- 1). Place a fiberglass mat on the table you will use as your workspace. Use a grease pencil to mark the outline of the shape you wish to make. If you were going to make the letter "A" for example, you would draw two parallel lines as wide as the glass tubing where the tube would sit while you are working on it. Mark the first spot that you want to bend with small grease pencil marks. The first bend will be at least 7 inches from the end so that you have a section of glass cool enough to handle.
- 2). Get a 5-foot piece of surgical tubing that fits over the end of the glass. Make sure you add a mouthpiece so that the tubing does not collapse when you blow into it. A hollow pen tube will do the trick if it is placed in the surgical tubing tightly. Hold the pen in your mouth and hook up the other end of the surgical tubing to the glass tubing. Constantly blow into the tubing to keep the internal temperature of the glass cooler than the outside so that the tubing does not collapse when it is bent.
- 3). Strap your handheld propane torch to your workbench using zip ties on the cooler parts of the torch (like the canister). Turn on your propane blow torch and immediately light the gas coming out of it. Adjust the flame so that the propane burns evenly. Get your glass tubing and hold it with one hand on either side. Slowly and gently heat the glass in the flame, continuously turning it so that both sides heat evenly. Remember to keep blowing in the tubing as the glass heats up.
- 4). When the grease pencil marks burn off, the glass is hot enough to bend carefully. Do not wait very long after the mark has burned off to do this. Take your work back to the fiberglass to check the glass tubing against the pattern you traced earlier. If needed, make small adjustments while the glass is still hot. Use a wooden block to flatten the work against the table or to manipulate the glass as necessary. Keep blowing air through the tube the entire time. Repeatedly heat and bend the tubing until you get the shape that you desire.
- 5). Apply the tubing that you were blowing through to the neon tank by taking off the pen tube and slipping it over the opening to the tank. Take the two 3-inch sections of coat hanger and bend them in half so that their shapes resemble pointy horse shoes. These hangers will later serve as electrodes. Make sure that the electrodes are sanded clean of any varnish or other coating.
- 6). Place one of these electrodes over the end of one of the tubes. Insert it so that it does not go very far into the glass that contains the main artwork. Melt the glass down around the electrode to form a seal. Heat and pinch the hot glass at the end around the electrode but do not close the end off completely. Stretch the glass past the hanger to make it easy to close off later. Remove the surgical tubing on the other side of the glass sign and do the same thing before replacing the tubing, once the glass has cooled.
- 7). Use a grease pencil to place marks on the glass tube 3 inches away from the end.
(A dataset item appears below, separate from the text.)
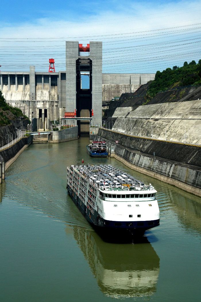 ▲船舶通过三峡升船机 摄影:汤伟
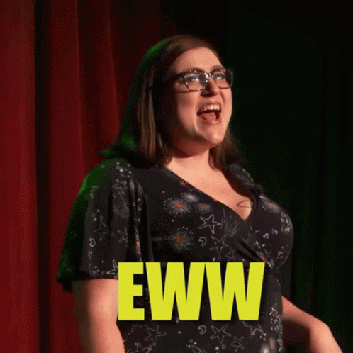 Kt Behrens delivers a hilarious 'Eww' reaction on stage, standing in front of a red curtain.

Do the same thing to the other end, but do not attach surgical tubing. Cut the zip ties that keep the torch held to the bench.
- 8). Turn the neon gas on slowly until you can feel the gas come out the end of the tube. Let the air and other contaminants flush out of the tubing. Let the air and moisture flush out of the tubing. Heat up the tubing. Turn off the gas. Immediately melt and pinch shut the open end of the tubing. When the tubing cools, lift and turn the glass sideways so that the glass with the tubing attached to it faces straight up to keep the heavy gas from spilling out. Unplug the surgical tubing. Work quickly to plug the tubing at the end with a piece of cork.
- 9). Make sure the corked end is sticking out. Heat the end of the glass between the cork and the coat hanger electrode. Keep the heat away from the wire. Twist the cork end off when it is heated up enough that the grease pencil mark burns off the glass.